Evolutionary theories on cultural transmission can serve as a useful basis for understanding how socially-relevant information is selected for and transmitted across individuals over time to become a part of general cultural understanding. Humans have evolved and developed cognitive and communicative capacities, which preferentially select for useful cultural information [8]. This information is relevant to the survival of both individuals and groups of people [8]. For instance, information that helps people navigate their social environments (e.g., gossip) is often transmitted from one person to the next with more accuracy than information lacking in social-relevancy [9]. More generally, information that tends to help its possessors–be they, individuals or groups–to adapt to their local environment tends to be selected and kept in the population. Consequently, this preferential selection can shape what kind of information is integrated successfully, which contribute to the adaptation of individuals and the groups in which they are embedded [8]. In such situations, observation provides useful cultural information [10]. Children’s observation of adults consistently being cautious, such as avoiding an unknown plant, develops into a norm that decreases the likelihood of them engaging in a costly, and potentially fatal, mistake [10].

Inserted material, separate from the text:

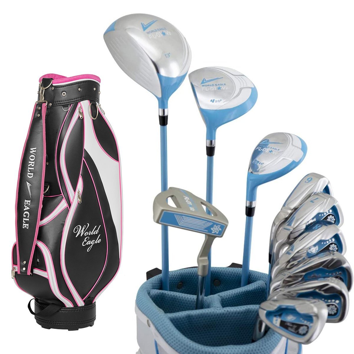 > FL-01★V2レディースゴルフクラブセット 高級志向キャディバッグ付 【ブラックベリーバッグ】【アクアブルークラブ】左利き用[36660]

As information concerning a group’s environment accumulates over generations of individuals, its application extends to more sophisticated and more specialized forms. For instance, when older women pass on information about toxic foods that younger pregnant women should avoid, the information is incorporated into the culture as a taboo, at times [11]. Thus, cultural transmission of health knowledge provides knowledge that is adaptive for facing challenges in people’s environments. However, the most adaptive knowledge is also usually the knowledge to which individuals allocate their cognitive resources the most [12]. Cultural knowledge may range from elements that are relevant for survival (e.g., avoiding toxic foods) to less dangerous ones (e.g., figuring out the least demanding route home [13]).

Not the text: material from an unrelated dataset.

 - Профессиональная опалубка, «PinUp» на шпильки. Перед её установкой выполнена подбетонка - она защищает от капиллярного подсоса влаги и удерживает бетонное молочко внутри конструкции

When this cultural transmission perspective is applied in the area of health, it helps us understand micro-level psychological processes involved in the transmission of health information [13]. Lay understanding of health conditions tends to be shaped by local culture, in that local folk knowledge and cultural practices often override scientifically-based medical advice in various regions around the world [14,15]. In these situations, beliefs about health or disorder etiologies significantly affect people’s health-related decisions [1618]. Several studies have documented that a disorder framed as having a genetic cause, in particular, can affect memories and evaluations of both the patients and the disorder itself. For instance, health conditions with genetic etiologies tend to be seen as more immutable or permanent [17], but also patients tend to attract less blame for related actions because the conditions are seen to be outside their control [19]. Likewise, in clinical settings, biological explanations for disorders often make clinicians less empathetic toward patients compared to psychosocial explanations [20]. Generally, empirical studies indicate that both clinicians [21] and ordinary people [22,23] are susceptible to genetic or biological essentialist thinking–where members of a category are perceived to possess an underlying fundamental essence determined by their genetic makeup.

Beyond clinical settings, health-related research is often misunderstood or misapplied by ordinary people, shaping their biases [24], fears, and false beliefs about modern medicine and genetics [25]. Such processes hinder the appropriate use of health knowledge by the general public in making informed health decisions [26], such as in understanding pre-existing conditions and genetic testing needs [27]. Much of these misunderstandings become integrated into the larger cultural sphere to affect both health and social decisions. For example, the threats of illnesses [28,29] and pandemics [30] affect non-diagnosed individuals’ social decisions such as voting behavior and support for social policies as well as increasing desired social distance from diagnosed individuals. Furthermore, the selective transmission of specific health information can lead to biased views about who should get medical or clinical help [31] as well as who should receive high-quality treatment [32].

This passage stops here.